Top of Exercise data

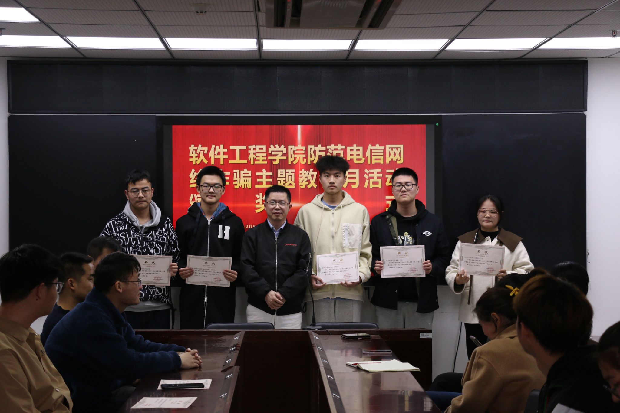 为进一步提高我院师生防范电信网络诈骗意识和自我保护能力,坚决遏制电信网络诈骗犯罪,保障师生们的财产安全和人身安全,软件学院开展了以“筑牢反诈防线 共建和谐校园”为主题的防范电信网络诈骗主题宣传教育月活动。3月29日,软件学院在科技楼2-423会议室举办“防范电信网络诈骗主题宣传教育月”颁奖仪式,软件学院党委副书记徐斌、全体辅导员、获奖代表及各班安全员参加了本次活动。
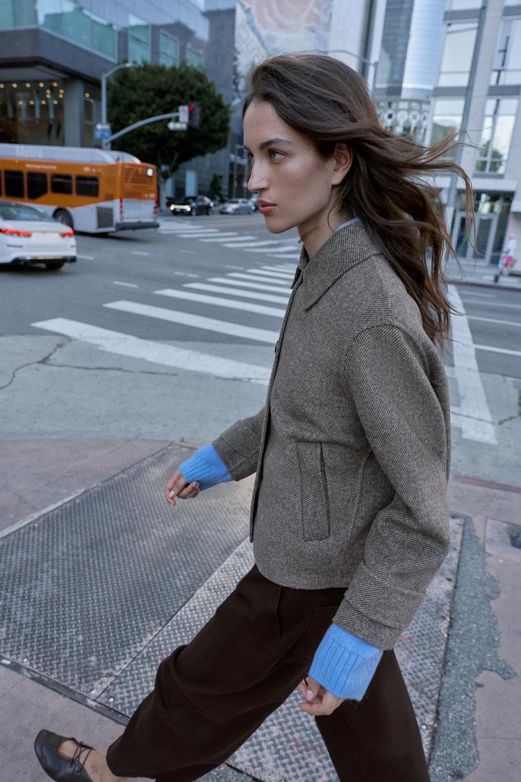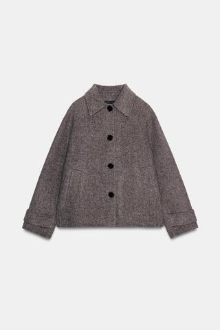 ZARA КОРОТКОЕ ПАЛЬТО ИЗ ШЕРСТИ, РЫЖЕВАТО-КОРИЧНЕВЫЙ
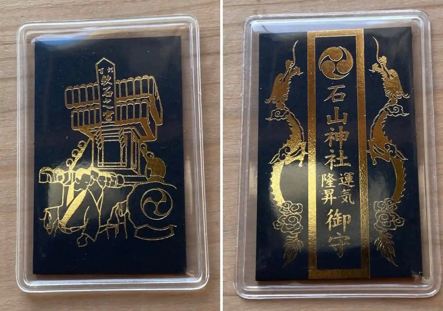 表の龍に惹かれて拝受したお守りでしたが、帰宅してひっくり返してみると、裏は御神輿でしょうか、「軟石之宮」という所がいかにも石切の里を標榜する石山らしいですね。
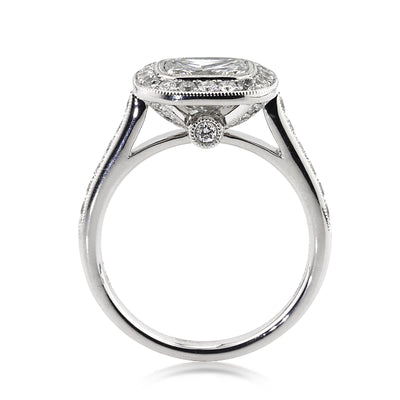 This is one of the most exceptionally beautiful cushion cut diamonds you will ever see! This extraordinary 2.04ct cushion cut diamond is GIA certified (one of the leaders in diamond grading) at G-VVS2, perfectly white and practically flawless! It has an outstanding cut. The facets are crisp, clear and beautiful! It sparkles tremendously! It is bezel set in the center and features a halo of round diamonds pave set around it and a row set down the shank in a pave setting as well. The center connectors are studded with round diamonds and lead to a single stone bezel set on either side of the ring right underneath the center. It is an exquisite piece! Simple, elegant and extremely beautiful. A piece you will cherish forever!
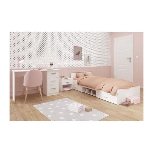 Le lit dispose de 2 tiroirs de rangement et d'une niche pratique pour maximiser l'organisation. Le chevet équipé d'un tiroir complète le système de stockage, tandis que le bureau offre une surface de travail ergonomique. Une solution intelligente pour garder la chambre ordonnée.

Bottom of Exercise data

== Requirement ==
From the records above, give again only the part that opens with the line containing "表の龍に惹かれて拝受したお守" and closes with the line containing "This is one". Keep both ends but drop the pictures.

== Exercise answer ==
 表の龍に惹かれて拝受したお守りでしたが、帰宅してひっくり返してみると、裏は御神輿でしょうか、「軟石之宮」という所がいかにも石切の里を標榜する石山らしいですね。
 This is one of the most exceptionally beautiful cushion cut diamonds you will ever see! This extraordinary 2.04ct cushion cut diamond is GIA certified (one of the leaders in diamond grading) at G-VVS2, perfectly white and practically flawless! It has an outstanding cut. The facets are crisp, clear and beautiful! It sparkles tremendously! It is bezel set in the center and features a halo of round diamonds pave set around it and a row set down the shank in a pave setting as well. The center connectors are studded with round diamonds and lead to a single stone bezel set on either side of the ring right underneath the center. It is an exquisite piece! Simple, elegant and extremely beautiful. A piece you will cherish forever!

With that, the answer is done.